Rebirth of a Nation: The Making of Modern America, 1877-1920
by Jackson Lears, Harper, 448 pages, $27.99
History is lived forward but written backward. In October of 1929, no one knew that the Great Depression had begun and would last for over a decade. The soldiers who marched off to fight in the Civil War -- and the families and loved ones who saluted their departure -- had no idea of the carnage that would follow. Historians know better but can't let their knowledge of what came next overdetermine the story they tell. Neither can they make believe that the future of that past was an open book. It wasn't. There were options, openings, possibilities, but only one path was taken. The historian's task is to explain why it was that path and not another.
The best historians strike the right balance between the Scylla and Charybdis of inevitability and randomness. As Jackson Lears demonstrates again in his latest book, Rebirth of a Nation, he is one of the best, certainly of his (and my) generation of historians. His new book is a work of synthesis, an attempt to tell the story of "the making of modern America" in the long half century from the end of the Civil War to the end of the Great War. Although the book's subtitle indicates his narrative begins in 1877 -- the year when the inauguration of Rutherford B. Hayes as president supposedly marked the end of Reconstruction -- Lears ignores that arbitrary, conventional beginning point. "After the Civil War," he tells us, "the entire country was faced with the task of starting over." In the decades to come, the history of the nation and its peoples would be marked by longings for and attempts at rebirth, regeneration, and revitalization.

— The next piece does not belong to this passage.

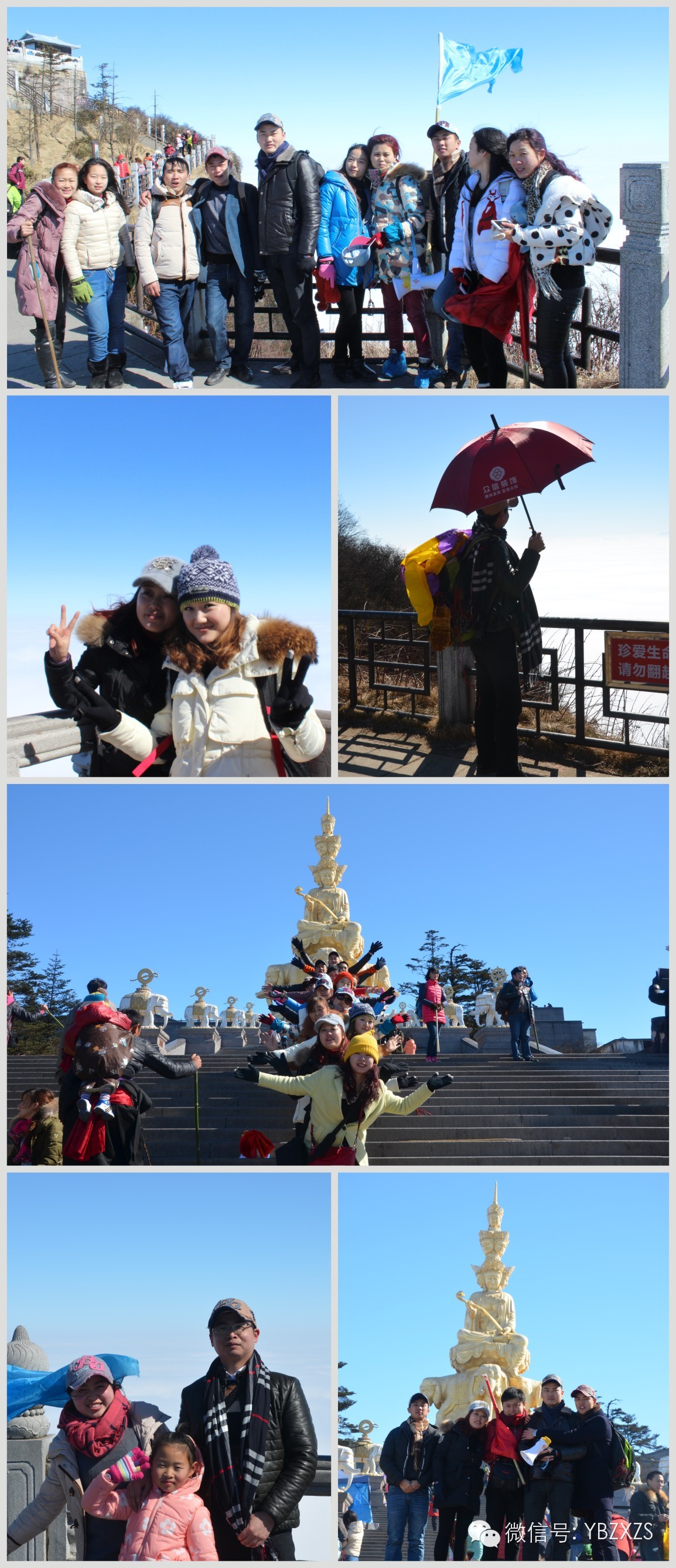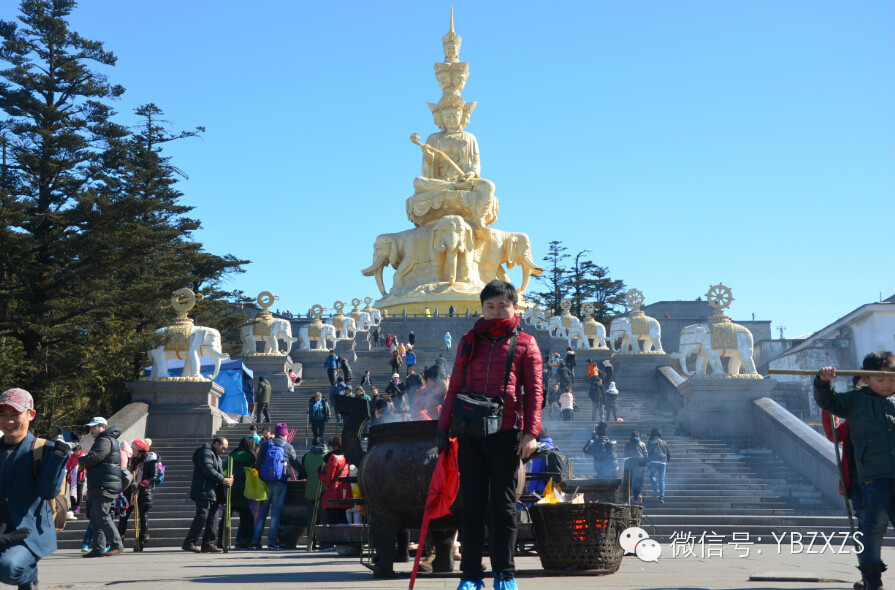 终于我们来到了金顶,阳光很大,很暖和,照着金佛,佛光普照,崇敬之心油然而生,大家都虔诚的膜拜祈求平安。冬季来峨眉,奔的就是雪中的金顶来的,雪中阳光下的金顶更是一种奇观,山顶上时而艳阳高照,时而白雾茫茫,迷雾里远望万佛飘渺,时见佛光飘浮,好一个如意的暖冬。

Lears' organizing concept of national rebirth is almost ritually simplistic and in the pen of a less accomplished historian would yield little of value. What nation doesn't, after a cataclysmic event such as war or revolution, seek to start over? The decades that followed America's revolutionary war, its 19th-century Indian wars, the 20th-century world wars, or, indeed, the recent wars in Southeast Asia and Iraq have also been marked by quests for new beginnings. Still, there was something different in the post–Civil War period. The longing for rebirth was experienced as part of a more encompassing search for a new political, economic, and social order, a revitalized manliness, a secular refocusing and redirection of the otherworldly passions and potencies of American Protestantism.
The cornerstone of Lears' history is what he identifies in his introduction as "regenerative militarism," the pursuit of regeneration -- for the nation and the individual -- through violence. There were other instruments of revitalization but none as important. One might have thought that the bloodletting of the Civil War would have cured the nation of any attraction to militarism. But the opposite appears to be the case. In the decades surrounding the turn of the 20th century, manly men, in search of a way to demonstrate, mostly to themselves, the manliness they could not exhibit in the workplace or the parlor, were attracted to the possibility of real and vicarious participation in violent wars. Excessive violence marked not only the wars against the Indians and the Filipino nationalists but "lynching and other forms of racial terrorism in the South, the killing of striking workers in the North and West."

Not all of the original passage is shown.